TACIT :- It is sometimes referred to as know-how and refers to intuitive,
hard to define knowledge that is largely experience based. Because of this, tacit knowledge is often context dependent and personal in nature. It is hard to communicate and deeply rooted in action, commitment, and involvement. Tacit knowledge is also regarded as being the most valuable source of knowledge, and the most likely to lead to breakthroughs in the organization.. It is used to create explicit knowledge and is best communicated personally through dialogues and scenarios, with use of metaphors. Therefore, knowledge is not private but social. Socially relayed knowledge becomes part of the real-life experience of the knower.

9. SOCIAL KNOWLEDGE
We can define social knowledge as "a result of the connections between the individual members of society, resident in no single one of them, but rather a property of the society working as a whole". They point out that social knowledge is "not merely the aggregation and averaging of individual knowledge" noting such an aggregation is unlikely. The road to knowledge is via people, conversations, connections and relationships. Knowledge surfaces through dialog, all knowledge is socially mediated and access to knowledge is by connecting to people that know or know who to contact. The social Knowledge website considers themselves a collection of peer community networks. They foster online communities so that people with similar interests can connect to harness the distributed expertise of the members. they state "The participants collaborate and manage their community while constantly providing feedback that is used to shape and extend the features of each Social Knowledge Network.

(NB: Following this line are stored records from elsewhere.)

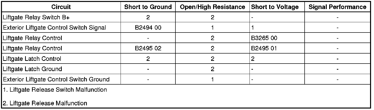 Before testing can be performed the liftgate must be opened. Refer to Opening the Liftgate Without Electrical Power Service and Repair for the appropriate procedure.
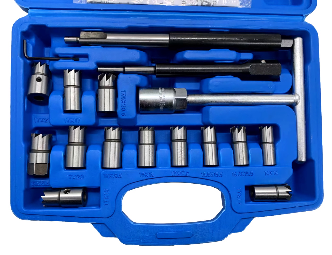 - Состав: угловые развертки 15.5 мм x 15.5 мм, 17 мм х 17 мм, 17 мм х 21 мм, плоские 14 мм x 14 мм, 15 мм x 15 мм, 15 мм х 19 мм, 17 мм x 17 мм, 17 мм x 17,5 мм, 17 мм х 19 мм, 17 мм x 19,5 мм, 17 мм х 20 мм, 17.5 мм x 20.5 мм, 19 мм х 21.5 мм, Т-образная рукоять под 19 мм 160 мм (длина) х135 мм (вороток), адаптер 180 мм, привод 19 мм, резак 15.5 мм x 225 мм, шестигранный ключ 2.5 мм
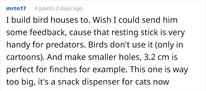 While the finished design look like a comfy abode for birds, some people raised some of their concerns about it

10. EMBEDDED KNOWLEDGE:Embedded knowledge refers to the knowledge that is locked in processes, products, culture, routines, artifacts, or structures. Knowledge is embedded either formally, such as through a management initiative to formalize a certain beneficial routine, or informally as the organization uses and applies the other two knowledge types. Culture and routines can be both difficult to understand and hard to change. Formalized routines on the other hand may be easier to implement and management can actively try to embed the fruits of lessons learned directly into procedures, routines, and products. It is important to note, that while embedded knowledge can exist in explicit sources (i.e. a rule can be written in a manual), the knowledge itself is not explicit, i.e. it is not immediately apparent why doing something this way is beneficial to the organization.